Described first square of module obtains the first square value vector to its square value of calculated for pixel values of described sliding window, and the described first square value vector is sent into described second accumulator module;

Step 3, described second square of module are carried out square operation with described first accumulated value, obtain second square value, and described second square value is sent into described subtractor; Concurrently,

Described second accumulator module is carried out accumulating operation with the described first square value vector, obtains second accumulated value, and described second accumulated value is sent into described subtractor;

Step 4, described subtractor deduct described second square value with described second accumulated value, obtain the 3rd value;

Step 5, described divider receive described second square value in the described buffer, and are worth divided by the described the 3rd with described second square value, obtain the flow speed value of current sliding window;

Step 6, described control unit are selected next described sliding window, if there is next sliding window, then described original image read module reads the last string pixel value of next sliding window, the last string pixel value of this sliding window and 2～i row pixel value of a last sliding window are formed the i * i pixel value of this sliding window, return step 2; If not, then finish, obtain the flow speed value of described laser speckle blood flow.

More optimal technical scheme is:

In described step 2, when described first accumulated value is sent into described second square of module, the 2nd～i row pixel value of the current sliding window of the described first buffer buffer memory add up and;

In described step 3, when described second accumulated value is sent into described subtractor, described second this sliding window of buffer buffer memory the 2nd～i row pixel square value add up and;

Through described step 6, carry out

Step 7, described first accumulator module adds up to the last string pixel value of current sliding window and 2～i row pixel value of a last sliding window, obtains first accumulated value, and described first accumulated value is sent into described second square of module; Concurrently,

Described first square of module obtains the first square value vector to its square value of calculated for pixel values of described sliding window, and the described first square value vector is sent into described second accumulator module;

Described second square of module carried out square operation with described first accumulated value, obtains second square value, and described second square value is sent into described subtractor; Concurrently,

Described second accumulator module is carried out accumulating operation with the described first square value vector, obtains second accumulated value, and described second accumulated value is sent into described subtractor;

Described subtractor deducts described second square value with described second accumulated value, obtains described the 3rd value;

Described divider receives described second square value in the described buffer, and is worth divided by the described the 3rd with described second square value, obtains the flow speed value of current sliding window; Return step 6.

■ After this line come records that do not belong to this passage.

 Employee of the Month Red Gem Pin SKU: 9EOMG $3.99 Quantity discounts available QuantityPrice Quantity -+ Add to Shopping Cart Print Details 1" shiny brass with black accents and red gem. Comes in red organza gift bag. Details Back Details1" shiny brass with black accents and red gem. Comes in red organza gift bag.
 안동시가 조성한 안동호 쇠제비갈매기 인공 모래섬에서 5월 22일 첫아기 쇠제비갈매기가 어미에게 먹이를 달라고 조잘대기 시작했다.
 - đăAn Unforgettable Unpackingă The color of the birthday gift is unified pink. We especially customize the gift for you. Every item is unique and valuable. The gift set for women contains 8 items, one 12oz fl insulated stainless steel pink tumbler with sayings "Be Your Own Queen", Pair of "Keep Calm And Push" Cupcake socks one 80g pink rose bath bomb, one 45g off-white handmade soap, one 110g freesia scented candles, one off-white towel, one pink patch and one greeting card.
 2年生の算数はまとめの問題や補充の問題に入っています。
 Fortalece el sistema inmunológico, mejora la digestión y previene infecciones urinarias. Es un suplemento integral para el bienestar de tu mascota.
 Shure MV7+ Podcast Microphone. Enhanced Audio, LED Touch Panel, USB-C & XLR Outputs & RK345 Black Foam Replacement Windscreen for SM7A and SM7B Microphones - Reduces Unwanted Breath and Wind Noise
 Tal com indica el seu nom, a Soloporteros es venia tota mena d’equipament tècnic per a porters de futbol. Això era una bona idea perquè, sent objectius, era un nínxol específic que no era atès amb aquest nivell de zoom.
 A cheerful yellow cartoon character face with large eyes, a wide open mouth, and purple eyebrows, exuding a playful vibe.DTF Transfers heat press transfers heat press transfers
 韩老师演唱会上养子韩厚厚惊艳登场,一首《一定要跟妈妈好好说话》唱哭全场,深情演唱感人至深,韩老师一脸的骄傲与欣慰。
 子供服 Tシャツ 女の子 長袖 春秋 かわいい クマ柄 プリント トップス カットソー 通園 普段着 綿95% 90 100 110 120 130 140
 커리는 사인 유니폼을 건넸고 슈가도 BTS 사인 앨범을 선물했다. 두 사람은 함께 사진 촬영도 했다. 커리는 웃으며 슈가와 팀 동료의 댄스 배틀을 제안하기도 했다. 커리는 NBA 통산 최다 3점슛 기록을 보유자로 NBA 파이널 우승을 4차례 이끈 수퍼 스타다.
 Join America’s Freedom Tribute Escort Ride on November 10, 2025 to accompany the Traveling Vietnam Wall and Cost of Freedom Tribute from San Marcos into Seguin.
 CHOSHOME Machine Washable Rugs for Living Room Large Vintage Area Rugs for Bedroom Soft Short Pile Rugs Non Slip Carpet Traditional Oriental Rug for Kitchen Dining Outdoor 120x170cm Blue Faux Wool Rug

Than traditional scheme based on GPU and the execution of DSP program, the present invention propose based on SOC/IP solution (System On chip/Intellectual Property, the processing system and the method for laser speckle blood current imaging SOC(system on a chip)/the have integrated circuit modules of specific function), the omnidistance processing all is to adopt hardware circuit to realize, the system that makes can be issued to the processing capability in real time of video rate (under higher clock in lower power consumption and clock frequency (for example 50MHZ), can handle more original image, when clock was 130MHZ, per second can be handled 80 frames approximately).The original image collection of this method, Processing Algorithm and demonstration all are to realize with the IP kernel (integrated circuit modules with specific function) of hardware description language design, can be by discrete circuit element, FPGA(field programmable gate array) or the ASIC(special IC) realize concrete physical computing circuit.Wherein, on FPGA and ASIC platform, can realize SOC(System On Chip easily, SOC(system on a chip)), the original image acquisition module, memory module, processing module and display module are integrated on the chip, can design a kind of low-power consumption, miniature portable laser speckle blood current imaging instrument.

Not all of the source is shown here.